Amy Johnson Crow continues to challenge genealogy bloggers and non-bloggers alike to think about our ancestors and share a story or photo about them. The challenge is “52 Ancestors in 52 Weeks.

Wendy

© 2020, Wendy Mathias. All rights reserved.

Saturday, October 24, 2020

Sepia Saturday: Keep It Simple

Sepia Saturday challenges bloggers to share family history through old photographs.

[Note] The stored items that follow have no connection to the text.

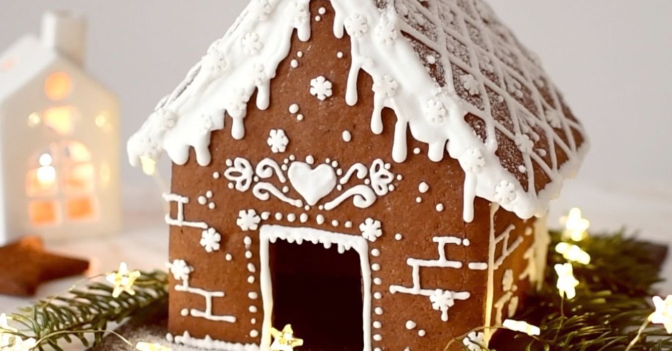 Cesto rozvaľkáme na hrúbku 0,5 cm. Vykrojíme domček podľa šablóny a pečieme pri 170 °C približne 8 minút. Necháme vychladnúť.
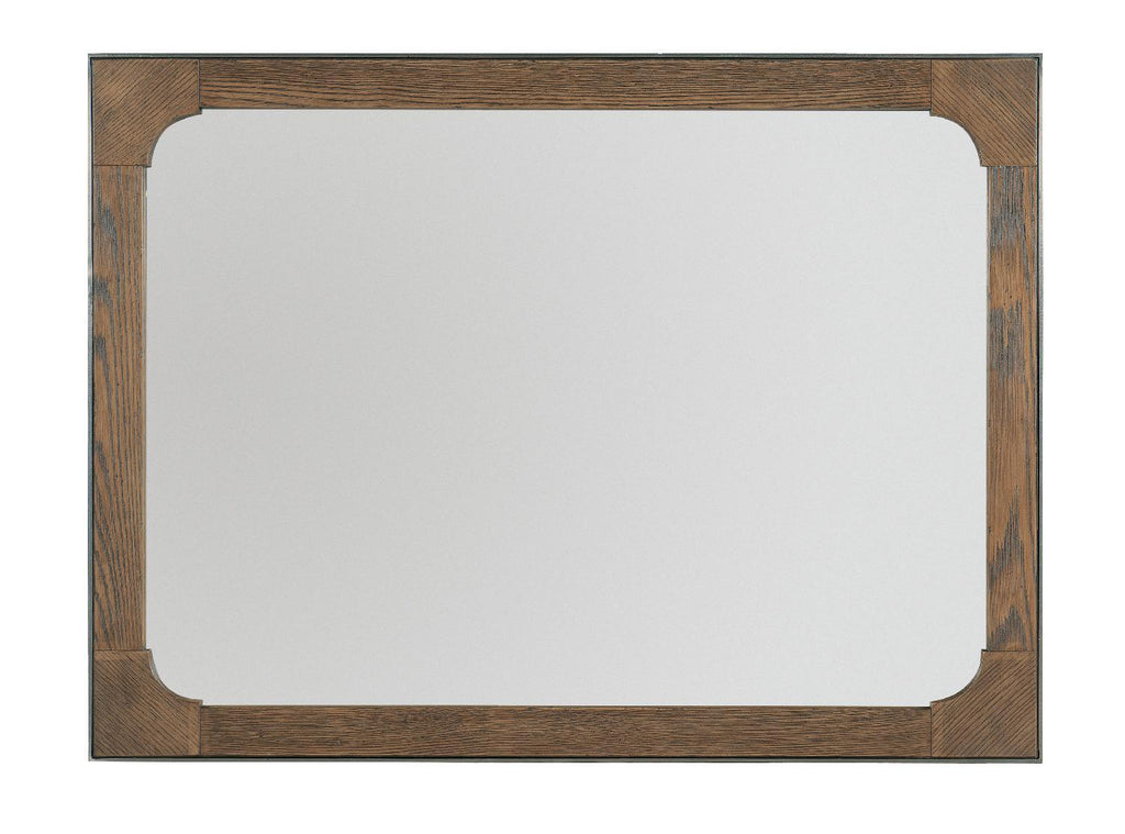 In an updated Craftsman style, the Chapman rectangle-shaped mirror has a casual warm brown finish over White Oak with a hand-hammered forged pewter metal insert around the frame.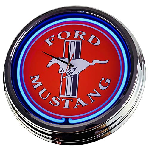 Neon klocka "Ford Mustang" väggklocka deko-klocka upplyst klocka USA 50-tals stil retro neon klocka matsal kök vardagsrum kontor (blå)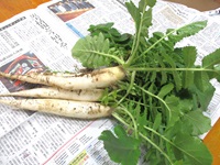 見るからに採りたて泥付き新鮮野菜の大根です。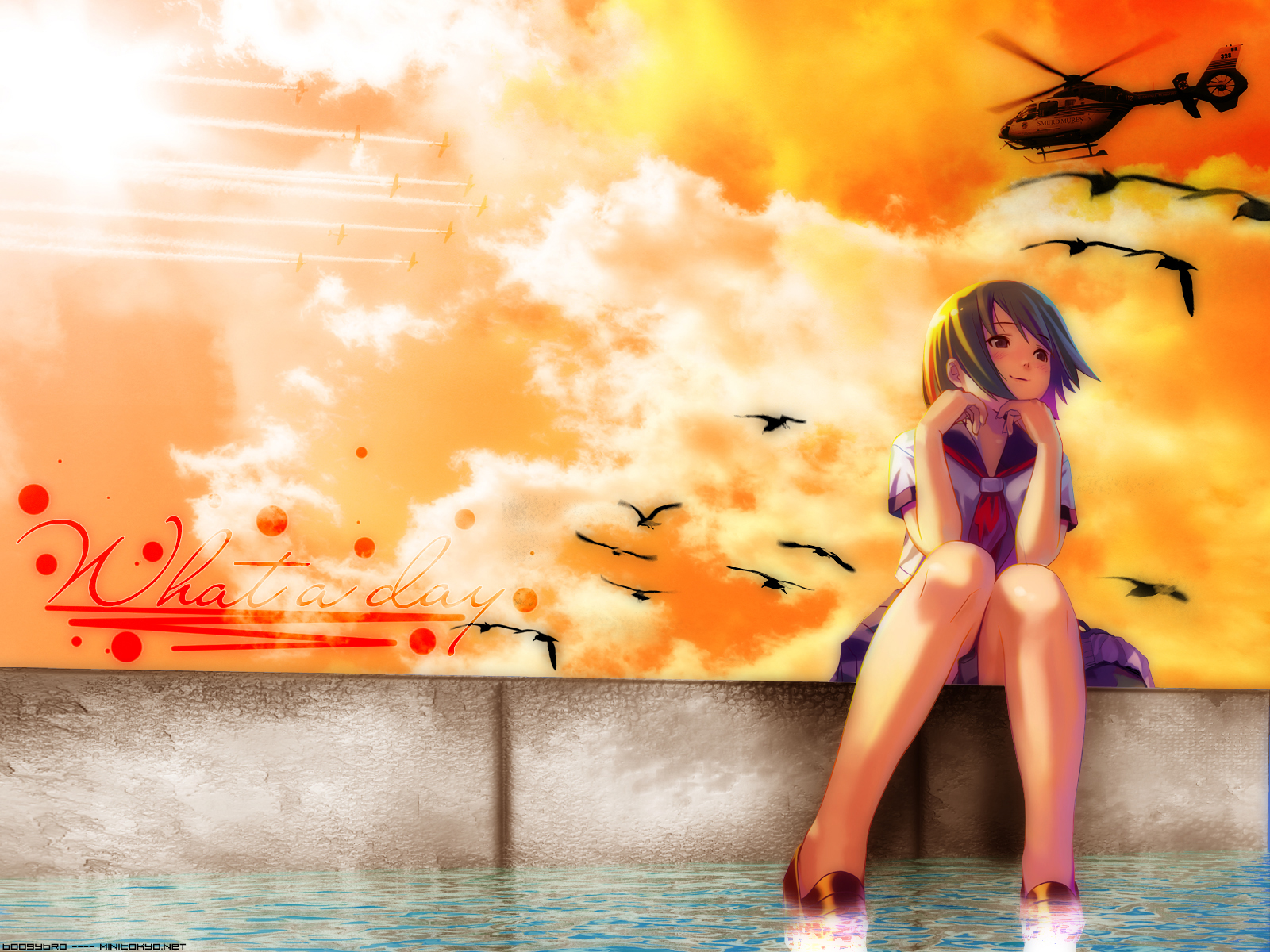 Description: A woman sitting on a ledge in front of a painting of birds and a sunset with a helicopter flying over her.
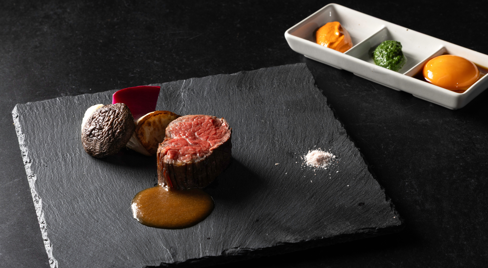 Viande — Koshu beef or local game, clay-pot rice, salad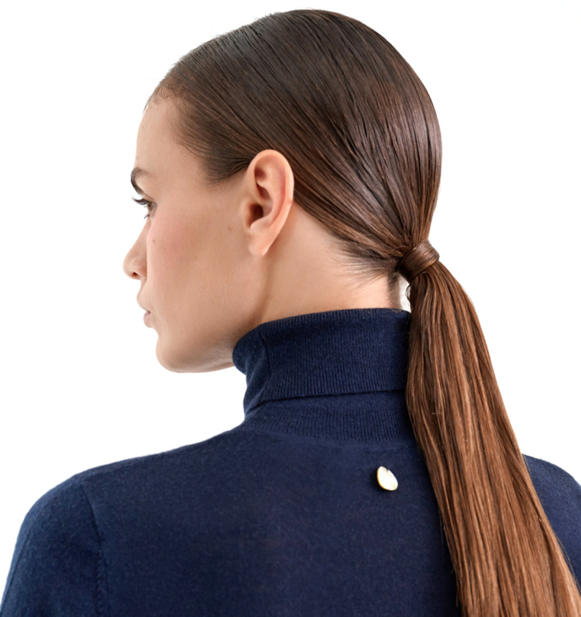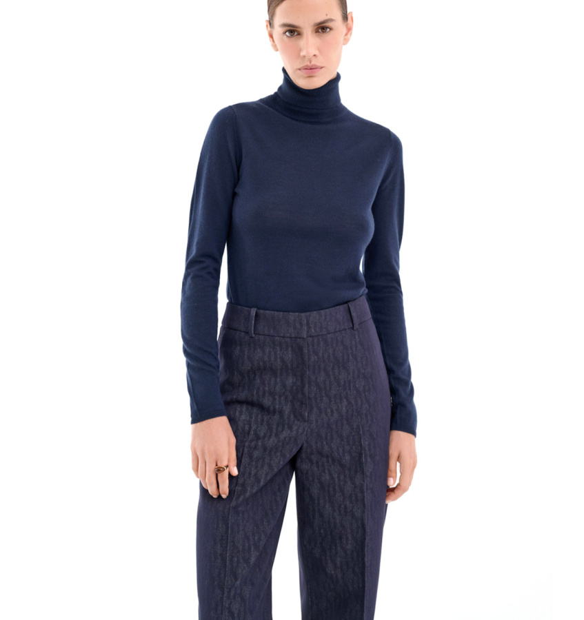 Джемпер синего оттенка выполнен из 100% мериносовой шерсти. Базовая модель облегающего силуэта с воротником-стойкой.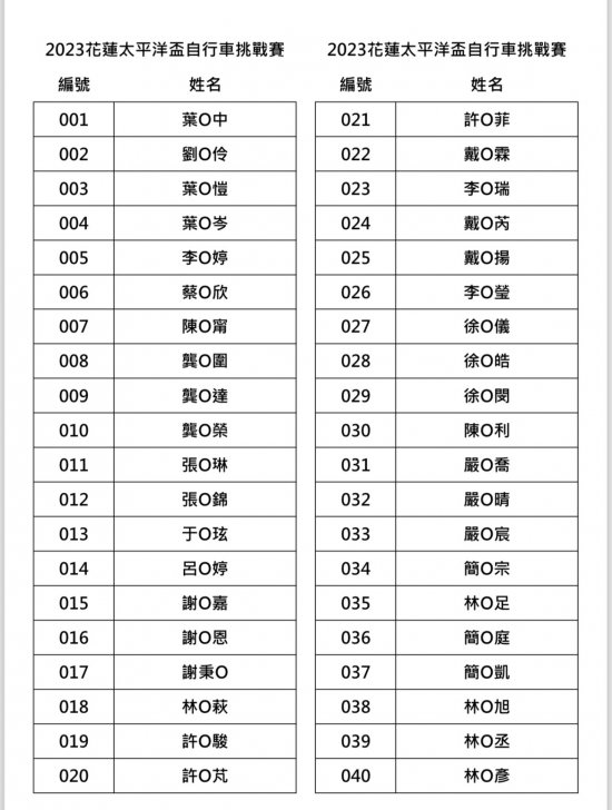 2023 花蓮太平洋盃自行車挑戰賽-親子騎遊組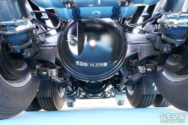 整车采用东风153前桥和方盛440后桥,前后桥均采用康迈免维护轮端,后桥速比为2.643。搭配上最大输出600马力的发动机,这个动力组合谁用谁知道。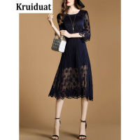 Kruidvat 2017春装新款女装通勤七分喇叭袖蕾丝连衣裙褶皱中长裙 藏蓝色 均码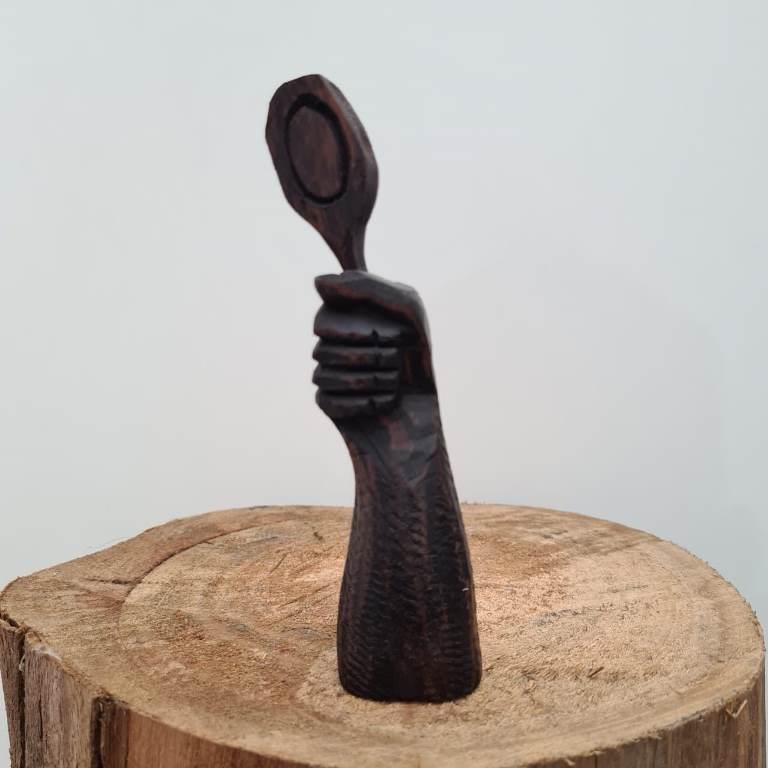 - Imagem em madeira talhada, aproximadamente 19cm de altura.

This week’s Sepia Saturday prompt is the next letter is our fearless leader’s march through the alphabet: K. K for “Kiss.” The expression about applying the KISS method to any situation came to mind: Keep It Simple, Stupid. And so I shall.

A POEM

My grandaunt Velma Davis kept a scrapbook during her freshman year at Harrisonburg Teacher’s College (now James Madison University – GO DUKES!). Besides photos, she penned little poems and songs. I don’t know if they are her creations or copied from another source. This one is a gem:


A BLOT


What? No tissue to blot that red lipstick? The back of an envelope must have been the next best option. It looks like a kiss, but not likely. However, in this collection of letters is the ultimate “kiss off” – a breaking-up letter from my mother’s then-boyfriend George. He was quite the gentleman in sending the message “it’s not YOU, it’s ME.”

 






YOU MAY KISS THE BRIDE

My girls put me to the test in 2013: planning TWO weddings within months of each other – one in October and one in December.



 Now that’s a kiss!

Please visit the other bloggers at Sepia Saturday where hugs and kisses await.

Wendy

© 2020, Wendy Mathias. All rights reserved.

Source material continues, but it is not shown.